Le projet suit néanmoins son cours: alors que la maman veille à dispenser l’école à la maison tout en faisant du télétravail, le papa, lui, se concentre sur sa mission. Il le fait d’abord à mi-temps, question de pouvoir prendre le relais avec les enfants. Lorsque l’école et le service de garde reprennent du service, il met les bouchées doubles pour faire avancer le projet. «On était vraiment dans notre bulle. Nous, on avait un projet à faire. On se disait pour s’encourager que lorsque la pandémie finirait, on aurait une maison», explique Zaolie Tessier, originaire de Chibougamau.
La déconstruction de la grande majorité des infrastructures, qui durera au total deux mois, débute dès le début avril. S’ensuivent les travaux de construction.
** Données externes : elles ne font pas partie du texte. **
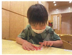
糸画では、「海の生き物」をテーマにクレヨンを使い 1冊かき絵に挑戦!多素直な糸画が完成しました!
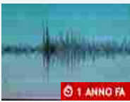
Cronaca Il "terremoto nucleare" registrato anche a Novara
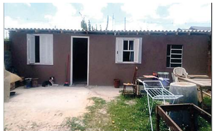
REFORMA: para recomeçar
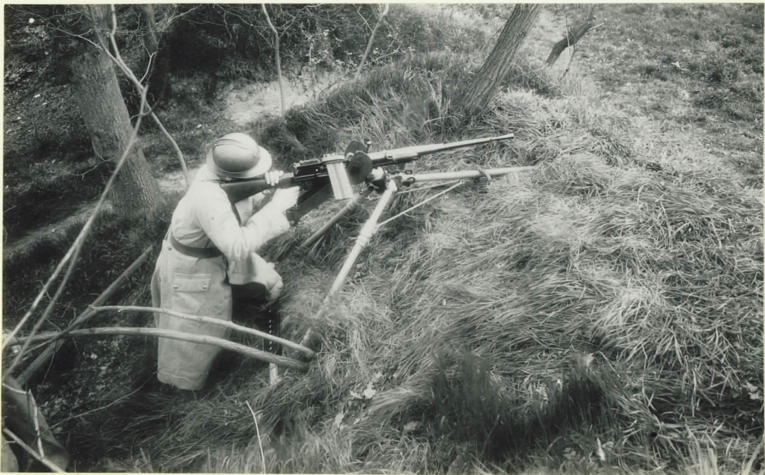
Figure IV - Mitrailleuse en batterie dans une tranchée.

Cet annexe est consacré à plusieurs illustrations pour assister le lecteur dans sa compréhension des différentes armes à feu de la Cagoule, mais aussi pour étayer les observations et considérations faites sur certaines de ces armes dans ce mémoire.
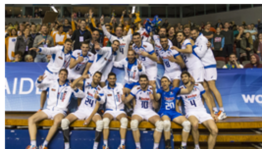
nombre de selections

En 2014, au Championnat du Monde, l'Italie terminera 13 ème et fera partie des 4 nations qui auront réussi à battre la France (lors de la première phase de poules)

Lorsque GRAFFICI se rend sur le chantier, vers la fin août, la structure est
déjà fermée et divisée; l’électricité ainsi que la plomberie constituent les prochaines étapes à franchir.
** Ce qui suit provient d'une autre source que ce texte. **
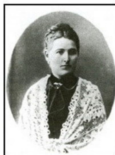
Мария Тихоновна Вяльцева
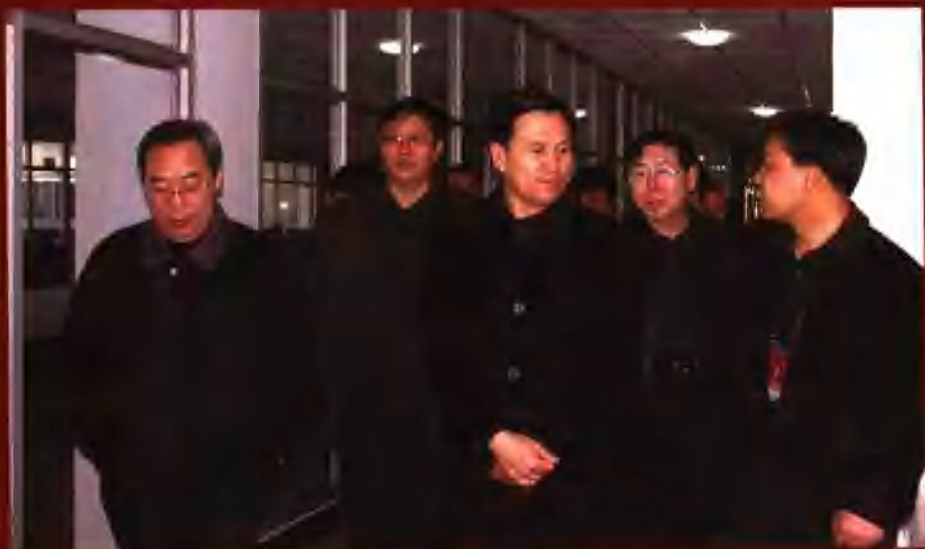
自治区主席杨晶（前排中）在盟委书记崔国柱（左一）、盟长常海（左二）、乌市市长尤国钧（右二）陪同下到蒙牛乌兰浩特公司视察。
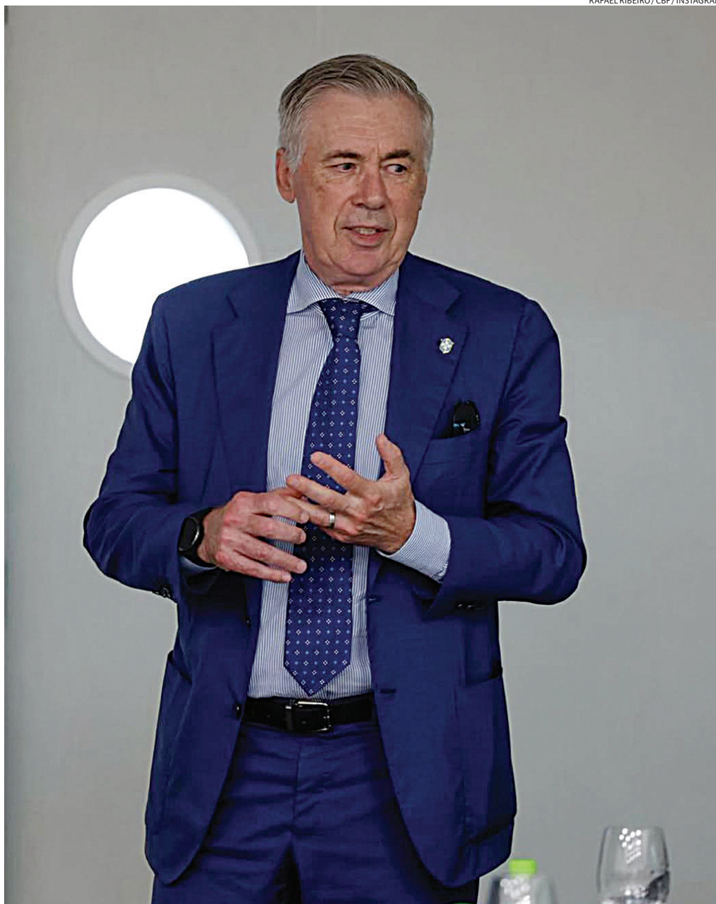
Por outro lado, o jovem Estêvão não deve aparecer na lista preliminar

A expectativa é de que a lista oficial da Seleção Brasileira seja divulgada nas próximas semanas. A preparação para a Copa inclui amistosos e treinamentos antes da apresentação definitiva do elenco escolhido para o torneio.

La concrétisation d’un projet aussi majeur, qui plus est dans un contexte de crise sanitaire, aura comporté son lot de difficultés, en plus d’engendrer une dose considérable de stress. Si le couple des 13 dernières années a douté, en cours de route, d’avoir pris la bonne décision en donnant le feu vert à l’initiative, il se dit, au final, heureux d’être allé de l’avant. «Le point positif, c’est qu’on n’avait pas le choix d’être focus. […] On ne pouvait pas voir nos amis ni aller nulle part. Tout était arrêté », fait valoir Mme Tessier. «Je suis content de l’avoir fait. C’est sûr que ça va rendre notre vie pas mal plus facile», ajoute son conjoint, tout sourire…malgré la fatigue
Les Leclair-Tessier, réunis devant leur future maison. Ils espèrent y déménager dès le début octobre et achever la finition des lieux au courant de l’année 2021.